Here’s What Really Happens When Homeless People Are Bussed Out of Your City
Photo by Justin Sullivan/GettyBeginning in the late 1980s, American cities started trying out a new strategy in dealing with their rising problems regarding homelessness. Well, not really new, because the strategy was actually as old as time: pass the problem on to somebody else.
New York City was the first American city to bus its homeless citizens somewhere else by giving them free one-way tickets. It’s a practice that has ballooned in recent years, with thousands of homeless people relocating every year. And in a new study, The Guardian becomes the first publication to look at the long-term effects the practice has on the people it relocates.
The Guardian was granted access to datasets following thousands of homeless people, and spotlights several specific cases. These anecdotes reveal people who are endlessly grateful to the relocation programs, others who felt betrayed by them, and still more who felt they hadn’t received much of anything from them.
Some recipients of bus tickets credit the relocation with their lives. Homeless shelters understandably asserted that very insistently—several directors of homeless relocation programs pointed to letters of thanks they had received. But these success stories, The Guardian reports, tend to be contingent on the subject having a support network to go home to. One anecdote from the report followed an alcoholic young woman who managed to enter rehab and turn her life around thanks to the help she received from her mother.
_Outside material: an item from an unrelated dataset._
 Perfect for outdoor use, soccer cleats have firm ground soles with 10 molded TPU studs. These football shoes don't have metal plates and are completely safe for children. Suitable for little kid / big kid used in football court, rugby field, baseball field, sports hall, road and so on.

Other recipients of the free bus tickets don’t have much of a success story. Instead of a life-changing event, the bus rides for them were a forgettable blip on the radar, as several anecdotes in the report follow people who simply returned to the cities that had just bussed them out. Some cities, like Florida’s Key West, also have policies that prohibit those who accepted a bus ticket from using their homeless services ever again. A homeless man who went back to Key West after taking a bus out of there said his shelter turned him away upon his return.
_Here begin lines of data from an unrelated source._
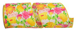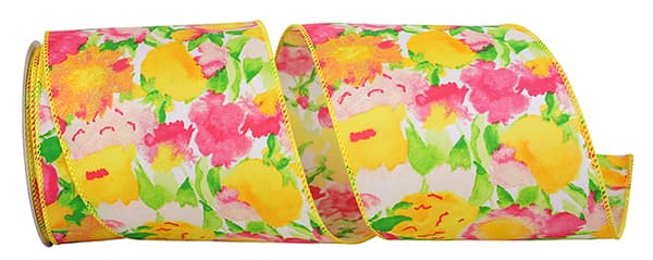 Yellow Bright Floral Wired Ribbon - 4" x 10yds
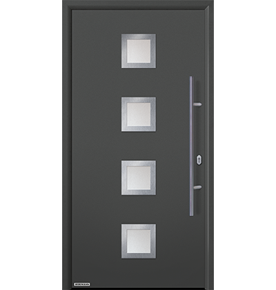 Poignée en acier inoxydable HB 38-2 sur panneau acier, 4 vitrages carrés avec cadre en acier inoxydable : triple vitrage isolant, extérieur verre de sécurité feuilleté, milieu Float sablé, intérieur verre de sécurité feuilleté, transparent, valeur UD jusqu'à 0,93 W/ (m²·K)*
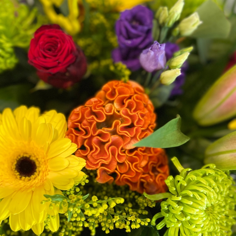 The Palm is a bright and funky selection of seasonal stems in a mixture of vivid shades.

Of the thousands of cases The Guardian looked at, over half originated from New York City. New York didn’t stop at bussing people out of the state—they also booked flights for some 20 percent of their homeless. Many of those flights went to Puerto Rico, or other areas with far lower median household incomes than New York.
Almost none of the cities did any kind of long-term follow-up with any of the homeless people they relocated, so The Guardian had to piece that data together on their own. This is mainly because the cities that use these relocation programs are primarily interested in them for financial reasons: Each homeless person costs their city tens of thousands of dollars a year, while a bus ticket costs next to nothing in comparison. New York’s Mayor Michael Bloomberg explicitly said one of the reasons he was restarting the program was to ease the burden on the city’s taxpayers. San Francisco’s homeless population would be approximately twice as large as it is now, if not for its bussing program.
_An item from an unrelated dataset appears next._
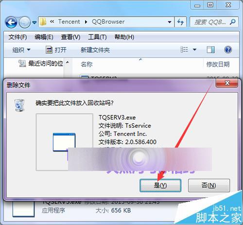 8、接著在彈出的刪除文件的界面中選擇是。就可以把它刪除掉。這時,可以看到這里沒有其它的文件。這時點擊回到上面的Tencent。回到這個文件夾中。

Homeless people are sent away from the city after qualifying for the program by merely proving that someone, anyone in the city they’re going to is willing to house them for any amount of time. Because of this, several cases end up with people simply on the streets in a new city, because their living arrangement fell apart or was never feasible to begin with. Some people are sent back to live with acrimonious ex-spouses or re-enter abusive family dynamics, and some are given bus tickets despite having warrants out for their arrest. If nothing else, The Guardian’s report proves these programs do very little in the way of checking that the program is the right fit for the recipient—the main thing they care about is moving the people out of cities.